With The Incredibles performing superheroically at the box office, I hope that kids from one to 92 will find the time to climb aboard The Polar Express, Robert Zemeckis' adaptation of the Caldecott Medal-winning children's book by Chris Van Allsburg. Personally, I'd prefer that Christmas movies not come out until I'm through eating Halloween candy, but it wasn't long before this one had me in the holiday spirit. At once old-fashioned and new-fashioned, it uses cutting-edge technology to tell a story that seems as old as Santa Claus himself. And although I'm getting a little tired of reading about the latest developments in computer-generated imagery, The Polar Express does mark a breakthrough of sorts, if not a culmination. In fact, I'm going to go out on a limb and say that this is as close as a movie has ever gotten to reproducing the visual enchantment of a classic storybook.
The storybook in question, which Van Allsburg published in 1985, only has about a thousand words of text. What's ushered it into the kid-lit pantheon are the pictures - carefully rendered oil-pastel paintings that create soft, warm pools of light amid a hard, cold winter's night.
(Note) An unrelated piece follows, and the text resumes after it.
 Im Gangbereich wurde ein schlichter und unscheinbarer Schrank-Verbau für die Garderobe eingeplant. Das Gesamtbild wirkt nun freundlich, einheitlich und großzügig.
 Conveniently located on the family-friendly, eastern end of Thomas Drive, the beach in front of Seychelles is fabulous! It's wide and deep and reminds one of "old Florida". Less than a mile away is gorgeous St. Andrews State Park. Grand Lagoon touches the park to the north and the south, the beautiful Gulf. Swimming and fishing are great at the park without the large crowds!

The mood is surprisingly melancholy, seeping into the bones of a young boy who's having a crisis of faith regarding a certain white-haired gentleman. And it's that young boy - not quite a cartoon, not quite a live actor, something in between - who gives us our first look at the future of movies. We're used to computer-generated characters, after Toy Story and Shrek, but we're not used to computer-generated human characters. And despite a little herky-jerkiness in their movements and a certain glassiness in their eyes, the human characters in The Polar Express have a captivating life of their own.
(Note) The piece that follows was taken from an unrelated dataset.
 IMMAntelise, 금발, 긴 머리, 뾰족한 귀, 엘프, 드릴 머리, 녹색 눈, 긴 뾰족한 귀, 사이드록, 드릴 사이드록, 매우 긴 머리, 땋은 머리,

Tom Hanks, who plays five roles, did the lion's share of the "acting," which involves performing in a bare room with reflective markers attached all over your body and face. The movements and expressions are recorded by digital cameras, then downloaded into a computer, after which they can be fed into a rendering of your own body or someone else's. Meryl Streep can now play Abraham Lincoln, as Hanks has been pointing out in interviews. But I wonder whether we aren't getting a little ahead of ourselves. Hanks' performances in The Polar Express - as the boy, the boy's father, the train's conductor, a hobo and Santa Claus - are enjoyable mostly for the traces of Hanks we perceive in them, not for the subtlety of his acting. There's an animatronic stiffness in all these "performance-capture" characters that will surely be smoothed out over the next several years, not that it hurts this particular movie.
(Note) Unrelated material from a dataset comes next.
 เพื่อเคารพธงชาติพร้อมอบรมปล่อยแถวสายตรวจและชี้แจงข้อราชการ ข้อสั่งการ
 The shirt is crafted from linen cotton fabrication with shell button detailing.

In fact, I think it helps this particular movie, keeps it safely within the realm of make-believe. With a whole movie to fill, Zemeckis and co-scriptwriter William Broyles Jr. have had to flesh out Van Allsburg's text. Many of the additions are nice, and at least one - a lost train ticket that goes on an amazing journey before winding up more or less where it started - is nothing short of magical. After an admirably slow start that's very much in the spirit of Van Allsburg's book, the movie starts pouring on the steam, literally turning into a roller-coaster ride. And there are perhaps too many harrowing adventures that test the young boy's mettle and an older critic's patience. But The Polar Express, for all its flaws, has something of the instant classic about it, including scenes that kids will remember for a long time. Zemeckis brings both motion and emotion to objects that exist only in a computer somewhere - a moving picture in more ways than one.